A letter from our publisher.
Here is a shocking statistic for you: Up to 40 percent of food in the United States goes uneaten. That is on average 400 pounds of food per person every year.
There are many reasons for this, but the least defensible are grocery stores’ quality standards that over-emphasize appearance. All-you-can-eat buffets, laws requiring restaurants to throw away food once it’s served (even if it’s untouched) and poorly planned grocery shopping all play a role in seeing much of our food end up in landfills.
I recall my mother telling us it was a sin not to finish what was on our plate and that there were starving children all over the world that would be grateful for any kind of food. To this day, I still believe it’s sinful to throw away food.
Consider all the resources required to bring food from the farm to your table: water for irrigation, land for planting, fuel for powering harvest and transport vehicles. Did you know it takes 1,799 gallons of water to produce just one pound of beef? And yet so much food in America goes to waste. We need to find a better way.
It was with these facts in mind that I found myself at a restaurant that is trying to change the way we consume food. I was in London recently and had a Sunday afternoon to kill in between meetings. I asked our editor to suggest some interesting food experiences for me to try out. He suggested I go visit Silo Restaurant, the UK’s first zero-waste restaurant. So, I took a 45-minute cab ride to Hackney in east London to have a look for myself. Silo was a bit difficult to find. It was in a walled-off industrial park-like setting next to what looked like a pop-up nightclub that was still blaring music at 11:30 a.m. A few staggering patrons were still quaffing some beers outside the entrance and one fellow was unabashedly relieving himself into an open barrel.
My apprehension fell away as soon as I entered the restaurant. It was a clean warehouse-style decor and everyone attending to me was pleasant.
I sat down at the bar and a young manager by the name of Martina was kind enough to answer some questions as I ordered my food. The restaurant launched in November and was the second Silo location by chef Douglas McMaster, who had previously worked in some gourmet restaurants in Australia. The original Silo restaurant opened five years ago in the seaside town of Brighton.
McMaster had become disillusioned by the amount of food waste he witnessed at elite restaurants. He developed a view that waste was a function of our obsession with perfection. He believes perfection does not exist and that food can be brilliant without being perfect. He only works with local organic farmers and has everything delivered in recyclable containers. There is no packaging in any food products he uses. If a food item can’t be delivered without packaging, his team simply makes it themselves. The restaurant even has its own mill to make flour from locally produced grains.

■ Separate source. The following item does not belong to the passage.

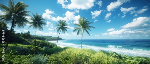 Fototapeta premium Tropical Beach with Palm Trees and Blue Sky

It also has its own compost machine to process food scraps, and it returns the organic material back to the farmers to use as fertilizer.
McMaster was inspired by the book Zero Waste Home, and he wants to promote the idea of more sustainable lifestyles. He hopes that by making his food attractive and delicious, his restaurant will help inspire people to change their habits. McMaster believes that you can’t push people to change their habits through fear-mongering or by being boring. You have to offer them a fun experience. He has said in interviews that launching his no-waste restaurant was stressful because the industry has supply chains that use a lot of processing and packaging. But once he got his systems in place, things became easier.
It all sounded very convincing. But, as I have learned over the years, when it comes to food, it’s fine to have a worthy mission, but if it doesn’t taste good, it’s a wasted effort. I recently started a plant-based diet. So I ordered three vegan dishes.
I started with Silo’s multigrain porridge with sourdough miso caramel, poached pear and quince jam. I am not normally a porridge person, but this dish impressed me.
For my second course, I had roasted tempeh with chimichurri and smoked squash.
And lastly, I ate slow-roasted king oyster mushrooms with red peppers and hemp creme fraiche on seeded loaf.
I chased it all down with a Crate lager, which was made in a micro brewery in the same building complex. The oyster mushrooms with red roasted peppers dish was my favorite, but they were all delicious. I was very impressed and recommend making the commute to east London on your next visit.
I left the restaurant feeling grateful that someone was making a statement about food waste. I was pleased to have informed myself. Suffering from jet lag and the effects of a lager, I headed back to my hotel for a well-deserved nap.